16.9 What to publish (minimum viable public truth)
Finally, publishing distribution metrics is about aligning culture with claims. A project that says “verify, don’t trust” but treats its update pipeline as proprietary plumbing is telling you something about where the real power lies. By contrast, a project that routinely publishes update health, key fingerprints, log roots, and incident reports is inviting others to check its work.
For operators, these dashboards are operational tools: they show where to add mirrors, which regions are struggling, and whether a new censorship technique has landed. For allocators, they are underwriting inputs: they quantify the probability that users will be able to keep validating, proving, and settling over a five‑ or ten‑year horizon. For users, they are quiet reassurances that the stack they depend on has not silently drifted back toward “trust the vendor.” In that sense, distribution metrics sit alongside VerifyPrice and swap success as part of the same story: money backed not by promises, but by systems that can be inspected.
To make distribution part of the triad’s credibility rather than its blind spot, networks and projects should publish, continuously:
- Update health: p50/p95 metadata and artifact fetch times; per‑path success rates; rollback and signature‑failure rates.
- Transparency evidence: current log roots; inclusion proofs for each release; the last successful independent reproduction per build; anchor transaction identifiers on the proof ledger.
- Decentralization and capture metrics: top‑N mirror share; geographic and ASN diversity; entry latency for new mirrors; house share of any distribution broker.
- Key material and incidents: current root fingerprints; release‑key roster and expiries; revocation lists; incident reports for freezes, compromises, and key rotations.
These are the “VerifyPrice‑for‑updates” numbers. They do not guarantee perfection, but they make degradation and capture visible. A stack that can show, in public, how it handles distribution under stress is a stack that has earned the right to claim resilience. It is not asking for trust; it is presenting receipts.

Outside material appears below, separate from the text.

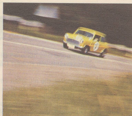
3 Siege im harten Monte-Carlo-Rallye. Weil er immer auf der Strasse, aber nie auf der Strecke bleibt.
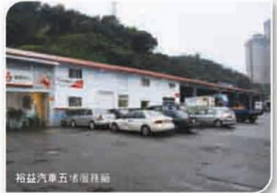
裕益汽車五堵服務廠

裕益汽車五堵廠位於國道一號高速公路旁，下五堵交流道後十分鐘的路程，北臨六堵工業區，西接62號東西向快速公路連接國道三號高速公路，是基隆港貨櫃進出必經之處，交通都非常便捷，對於客戶來廠維修和保養都很方便，面對急需道路及夜間救援的客戶可大大提升到現場支援之效率。

Bottom line. Distribution is not a logistics afterthought; it is part of the security and monetary story. If binaries cannot move, privacy cannot be exercised, proofs cannot be trusted, and compute cannot be paid. Keep many roads open, but accept artifacts only when the receipts clear. In a repression cycle, your lifeline is not a particular host or app store; it is a verifiable path from signed source to installed binary that anyone can traverse and anyone can check.
Build updates the way we build the rest of the stack: permissionless to fetch, cheap to verify, auditable in public, and hard to gate.
In combination, these practices turn software distribution from a fragile, centralized choke point into another domain where the thesis applies: pay only for work anyone can verify cheaply; keep verification public; and expose enough telemetry that repression and capture have nowhere quiet to land.